Information »
"""
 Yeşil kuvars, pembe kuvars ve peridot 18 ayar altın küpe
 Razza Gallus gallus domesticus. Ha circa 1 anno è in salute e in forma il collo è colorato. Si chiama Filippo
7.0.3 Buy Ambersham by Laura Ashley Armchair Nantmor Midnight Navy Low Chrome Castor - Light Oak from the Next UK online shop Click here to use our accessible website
"""
"""
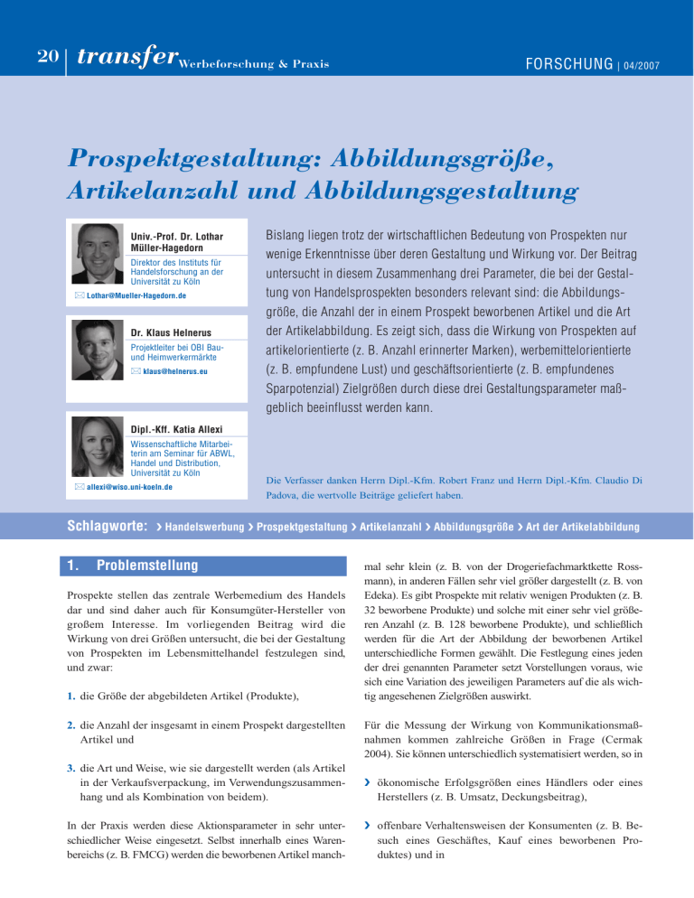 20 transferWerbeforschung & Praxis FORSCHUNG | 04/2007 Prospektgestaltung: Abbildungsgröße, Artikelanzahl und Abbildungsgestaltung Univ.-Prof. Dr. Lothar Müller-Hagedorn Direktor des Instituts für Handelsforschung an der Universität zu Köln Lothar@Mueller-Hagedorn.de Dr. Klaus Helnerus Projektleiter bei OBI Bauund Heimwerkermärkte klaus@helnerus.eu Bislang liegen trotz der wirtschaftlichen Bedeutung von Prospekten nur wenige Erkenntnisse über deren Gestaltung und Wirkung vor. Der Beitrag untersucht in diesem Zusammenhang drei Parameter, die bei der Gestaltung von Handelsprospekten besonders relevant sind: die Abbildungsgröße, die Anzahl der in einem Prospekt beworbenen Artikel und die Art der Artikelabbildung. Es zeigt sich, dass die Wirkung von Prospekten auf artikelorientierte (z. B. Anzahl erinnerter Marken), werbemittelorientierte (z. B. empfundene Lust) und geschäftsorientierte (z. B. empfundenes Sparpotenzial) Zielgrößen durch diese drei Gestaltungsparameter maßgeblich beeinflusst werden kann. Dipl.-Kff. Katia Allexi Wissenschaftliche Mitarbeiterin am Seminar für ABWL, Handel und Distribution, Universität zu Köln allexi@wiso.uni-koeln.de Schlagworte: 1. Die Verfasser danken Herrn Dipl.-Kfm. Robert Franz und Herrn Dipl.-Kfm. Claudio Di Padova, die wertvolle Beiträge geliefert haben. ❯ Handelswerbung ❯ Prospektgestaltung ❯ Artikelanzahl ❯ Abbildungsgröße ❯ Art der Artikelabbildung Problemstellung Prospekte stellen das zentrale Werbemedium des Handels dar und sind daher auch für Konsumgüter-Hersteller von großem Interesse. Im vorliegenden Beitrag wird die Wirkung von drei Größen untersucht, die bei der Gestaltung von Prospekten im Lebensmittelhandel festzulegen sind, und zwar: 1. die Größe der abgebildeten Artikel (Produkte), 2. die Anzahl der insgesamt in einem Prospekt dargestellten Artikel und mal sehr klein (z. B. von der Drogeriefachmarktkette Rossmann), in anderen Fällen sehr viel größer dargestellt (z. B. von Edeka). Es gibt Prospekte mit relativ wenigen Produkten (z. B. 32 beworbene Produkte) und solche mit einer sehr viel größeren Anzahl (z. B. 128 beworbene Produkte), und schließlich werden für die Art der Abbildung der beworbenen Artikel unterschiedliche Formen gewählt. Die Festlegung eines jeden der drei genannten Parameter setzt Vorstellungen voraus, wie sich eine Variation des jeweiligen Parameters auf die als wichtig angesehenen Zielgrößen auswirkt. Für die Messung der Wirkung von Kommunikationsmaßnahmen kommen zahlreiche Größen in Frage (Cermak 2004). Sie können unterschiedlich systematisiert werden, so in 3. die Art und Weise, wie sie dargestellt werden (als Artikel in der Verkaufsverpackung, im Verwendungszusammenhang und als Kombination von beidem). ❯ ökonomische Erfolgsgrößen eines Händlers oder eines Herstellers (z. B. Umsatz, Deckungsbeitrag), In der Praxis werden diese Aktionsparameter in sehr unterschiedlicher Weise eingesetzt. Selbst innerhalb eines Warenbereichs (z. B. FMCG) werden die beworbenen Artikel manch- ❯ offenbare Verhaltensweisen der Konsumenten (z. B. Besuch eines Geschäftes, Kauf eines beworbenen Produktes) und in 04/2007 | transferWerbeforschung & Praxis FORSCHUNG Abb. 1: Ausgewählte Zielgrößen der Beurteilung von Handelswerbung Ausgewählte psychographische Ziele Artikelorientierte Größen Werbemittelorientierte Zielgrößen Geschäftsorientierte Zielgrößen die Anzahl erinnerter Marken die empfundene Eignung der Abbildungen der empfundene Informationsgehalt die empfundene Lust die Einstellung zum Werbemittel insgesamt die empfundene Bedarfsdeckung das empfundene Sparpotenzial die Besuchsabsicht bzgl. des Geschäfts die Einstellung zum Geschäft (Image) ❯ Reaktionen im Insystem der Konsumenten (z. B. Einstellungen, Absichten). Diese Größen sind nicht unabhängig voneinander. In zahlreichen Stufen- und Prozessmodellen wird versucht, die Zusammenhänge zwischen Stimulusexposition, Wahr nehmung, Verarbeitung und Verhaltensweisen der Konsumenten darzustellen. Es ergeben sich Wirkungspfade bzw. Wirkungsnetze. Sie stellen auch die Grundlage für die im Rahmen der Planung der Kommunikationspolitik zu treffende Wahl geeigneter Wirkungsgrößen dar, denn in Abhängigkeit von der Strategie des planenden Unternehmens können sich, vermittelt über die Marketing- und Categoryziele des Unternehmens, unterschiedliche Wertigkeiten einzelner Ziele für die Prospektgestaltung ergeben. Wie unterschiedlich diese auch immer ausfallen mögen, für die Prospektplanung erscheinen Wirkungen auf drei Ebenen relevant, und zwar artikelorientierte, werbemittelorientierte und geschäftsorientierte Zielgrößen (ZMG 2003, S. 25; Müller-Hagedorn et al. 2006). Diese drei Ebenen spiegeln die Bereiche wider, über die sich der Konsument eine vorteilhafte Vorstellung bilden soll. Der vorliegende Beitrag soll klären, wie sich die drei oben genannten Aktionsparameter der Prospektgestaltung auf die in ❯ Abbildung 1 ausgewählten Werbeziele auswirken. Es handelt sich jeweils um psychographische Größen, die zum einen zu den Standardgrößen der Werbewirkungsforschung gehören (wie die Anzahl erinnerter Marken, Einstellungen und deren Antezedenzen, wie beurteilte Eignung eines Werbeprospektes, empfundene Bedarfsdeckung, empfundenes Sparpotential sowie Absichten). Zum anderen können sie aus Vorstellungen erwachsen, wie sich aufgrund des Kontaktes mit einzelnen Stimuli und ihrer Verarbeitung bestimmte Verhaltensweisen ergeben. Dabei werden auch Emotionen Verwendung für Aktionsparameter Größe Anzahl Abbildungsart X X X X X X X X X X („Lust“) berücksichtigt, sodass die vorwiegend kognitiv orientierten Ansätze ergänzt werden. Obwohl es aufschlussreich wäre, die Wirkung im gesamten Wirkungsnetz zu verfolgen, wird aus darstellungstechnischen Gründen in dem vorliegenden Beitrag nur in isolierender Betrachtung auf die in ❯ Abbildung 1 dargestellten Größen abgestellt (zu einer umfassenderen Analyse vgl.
"""
"""
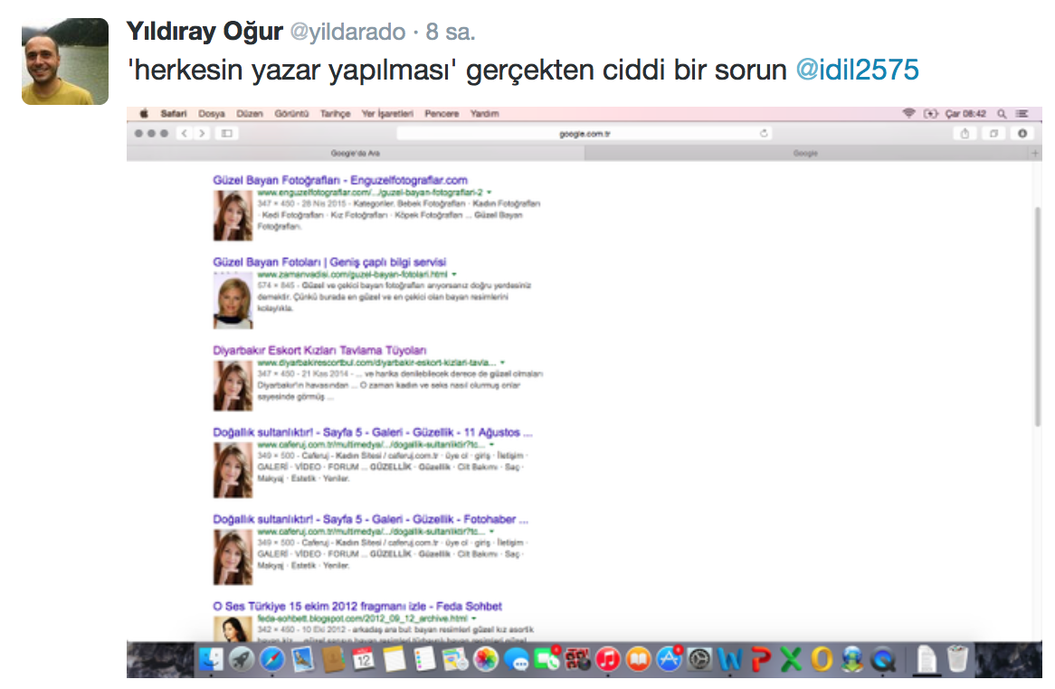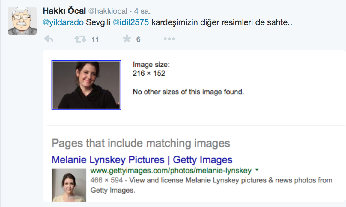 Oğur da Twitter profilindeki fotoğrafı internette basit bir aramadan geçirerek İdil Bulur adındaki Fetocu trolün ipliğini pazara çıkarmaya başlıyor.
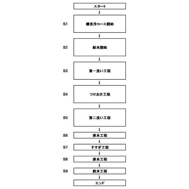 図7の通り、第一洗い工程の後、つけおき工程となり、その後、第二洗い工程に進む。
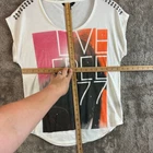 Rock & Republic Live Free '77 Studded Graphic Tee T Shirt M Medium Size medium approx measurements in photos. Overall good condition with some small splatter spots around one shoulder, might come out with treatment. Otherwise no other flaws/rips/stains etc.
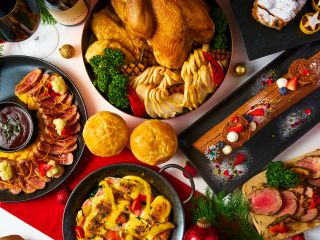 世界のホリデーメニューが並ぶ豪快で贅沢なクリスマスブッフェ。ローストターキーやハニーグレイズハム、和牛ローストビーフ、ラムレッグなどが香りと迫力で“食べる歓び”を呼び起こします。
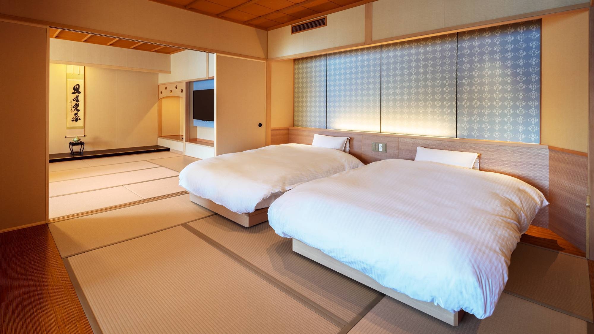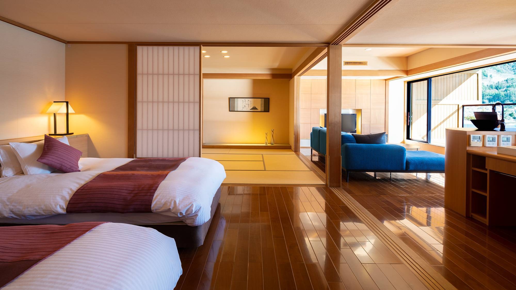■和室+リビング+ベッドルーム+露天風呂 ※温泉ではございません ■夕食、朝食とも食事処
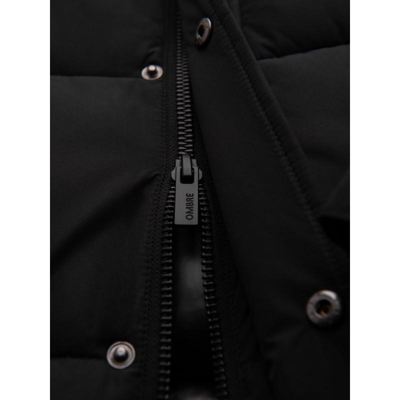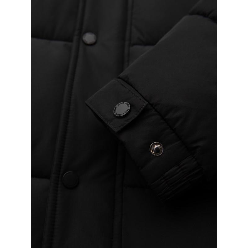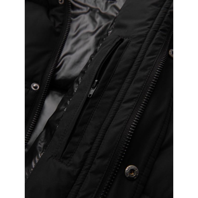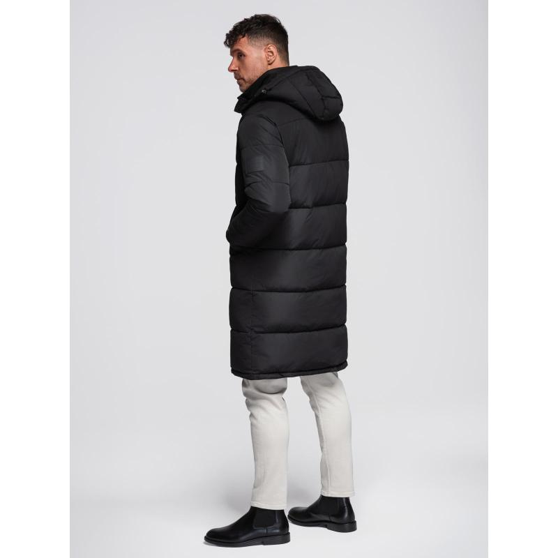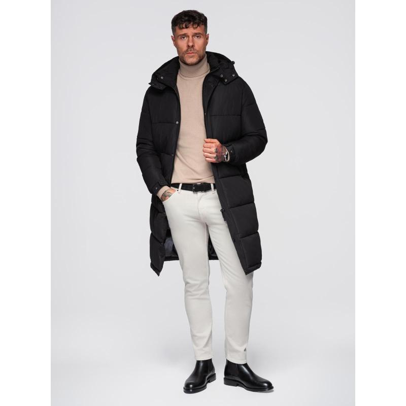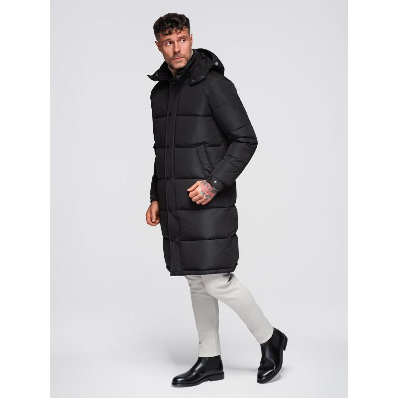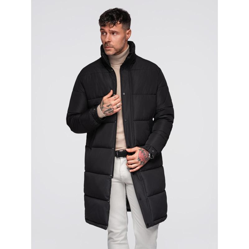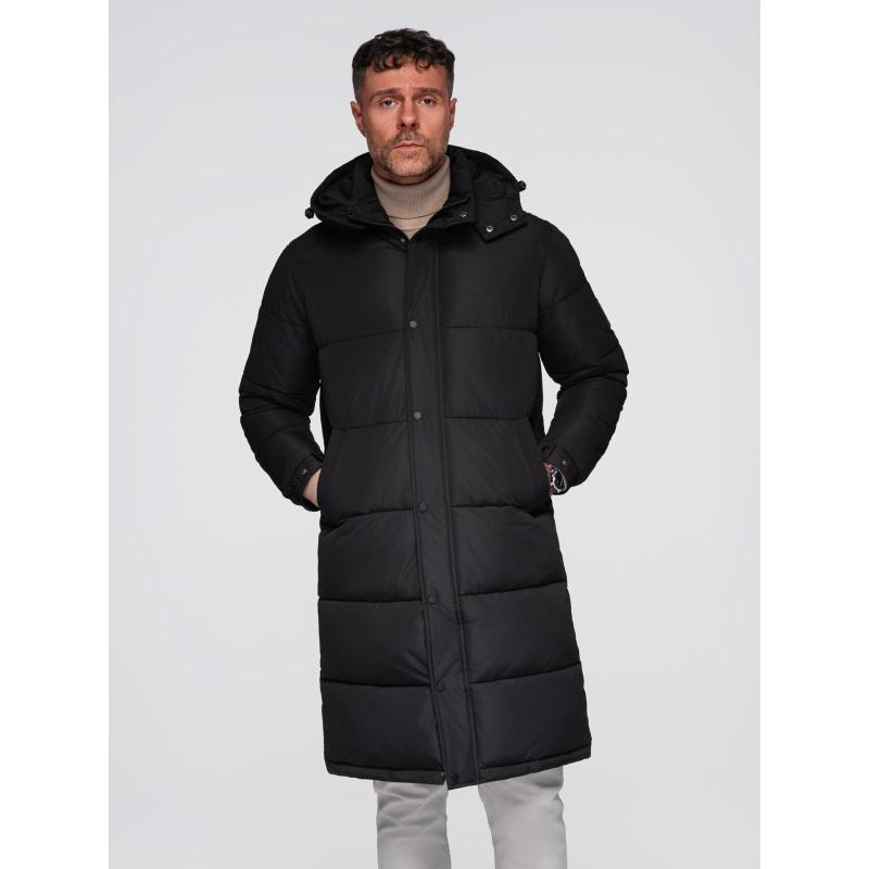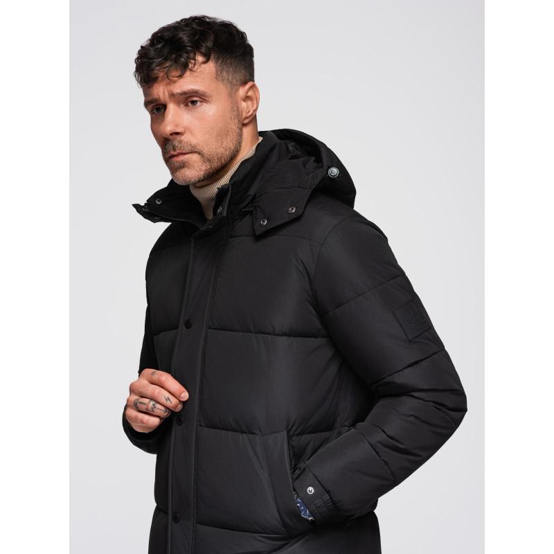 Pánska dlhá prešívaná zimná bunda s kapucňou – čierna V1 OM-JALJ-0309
"""
About this exercise » Transcribe, exactly and without pictures, everything in the data from the line with "図7の通り、第一洗い工程の後、つけおき工程となり、その後、第二洗い工程に進む。" down to the line with "Pánska dlhá prešívaná", both included.

Solution to this problem »
 図7の通り、第一洗い工程の後、つけおき工程となり、その後、第二洗い工程に進む。
 Rock & Republic Live Free '77 Studded Graphic Tee T Shirt M Medium Size medium approx measurements in photos. Overall good condition with some small splatter spots around one shoulder, might come out with treatment. Otherwise no other flaws/rips/stains etc.
 世界のホリデーメニューが並ぶ豪快で贅沢なクリスマスブッフェ。ローストターキーやハニーグレイズハム、和牛ローストビーフ、ラムレッグなどが香りと迫力で“食べる歓び”を呼び起こします。
■和室+リビング+ベッドルーム+露天風呂 ※温泉ではございません ■夕食、朝食とも食事処
 Pánska dlhá prešívaná zimná bunda s kapucňou – čierna V1 OM-JALJ-0309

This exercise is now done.